--- Provided records ---
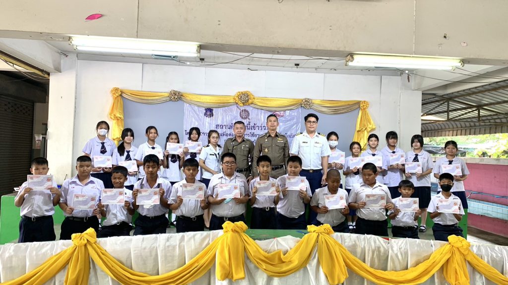 มอบใบประกาศนียบัตรให้แก่นักเรียนตามโครงการการศึกษาเพื่อต่อต้านการใช้ยาเสพติดในเด็กนักเรียน ชั้นประถมศึกษาปีที่ 5 เทอม 2/65 จำนวน 23 คน และมีนักเรียนมัธยมศึกษาตอนต้น รวม 60 คน เข้าร่วมรับฟังการบรรยาย ในหัวข้อ
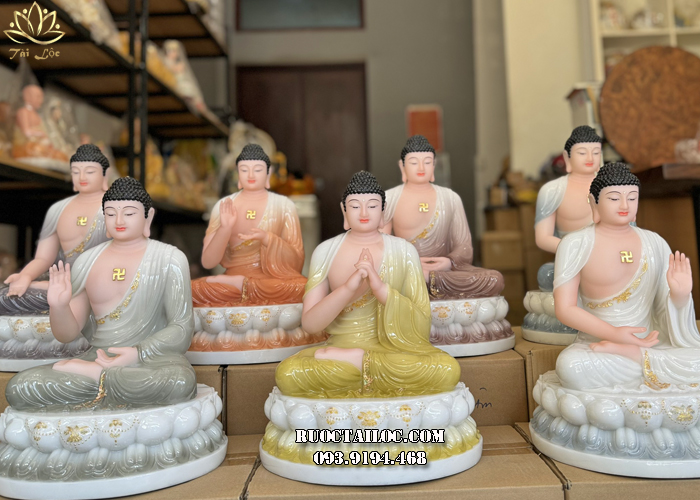 Bộ tượng 7 vị Phật Dược Sư bằng bột đá màu khoáng, y áo viền vàng diện đẹp, trang nghiêm
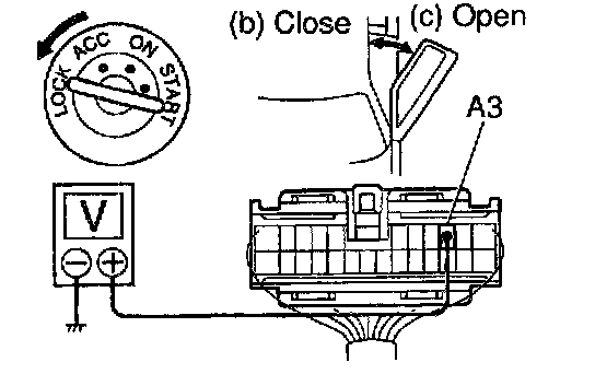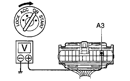 a. Connect the positive (+) lead from the voltmeter to terminal A3 and the negative (-) lead to body ground.
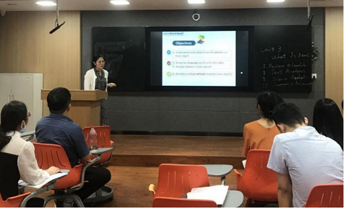 为使新进教师尽快进入教师角色、上好新学期第一堂课,8月23日下午,我院在外语楼108开展了新学期外国语学院师资培养系列之教学示范课活动。本次活动特邀商务英语教研室主任葛莹辉、英语专业教研室教师陈爱菊做示范课,全体新入职教师进行观摩。
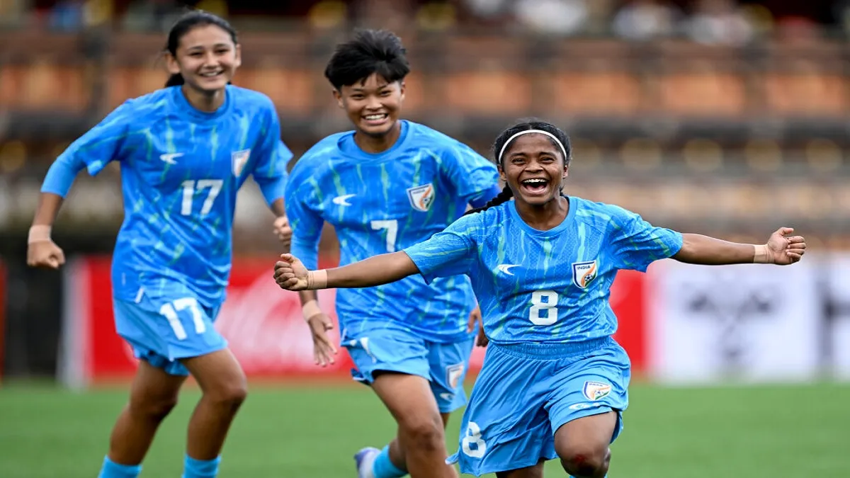 झारखंड की फुटबालर अनुष्का कुमारी (सबसे आगे)। (फाइल फोटो)
---
Apart from the pictures, every line above must be printed exactly.

 มอบใบประกาศนียบัตรให้แก่นักเรียนตามโครงการการศึกษาเพื่อต่อต้านการใช้ยาเสพติดในเด็กนักเรียน ชั้นประถมศึกษาปีที่ 5 เทอม 2/65 จำนวน 23 คน และมีนักเรียนมัธยมศึกษาตอนต้น รวม 60 คน เข้าร่วมรับฟังการบรรยาย ในหัวข้อ
 Bộ tượng 7 vị Phật Dược Sư bằng bột đá màu khoáng, y áo viền vàng diện đẹp, trang nghiêm
 a. Connect the positive (+) lead from the voltmeter to terminal A3 and the negative (-) lead to body ground.
 为使新进教师尽快进入教师角色、上好新学期第一堂课,8月23日下午,我院在外语楼108开展了新学期外国语学院师资培养系列之教学示范课活动。本次活动特邀商务英语教研室主任葛莹辉、英语专业教研室教师陈爱菊做示范课,全体新入职教师进行观摩。
 झारखंड की फुटबालर अनुष्का कुमारी (सबसे आगे)। (फाइल फोटो)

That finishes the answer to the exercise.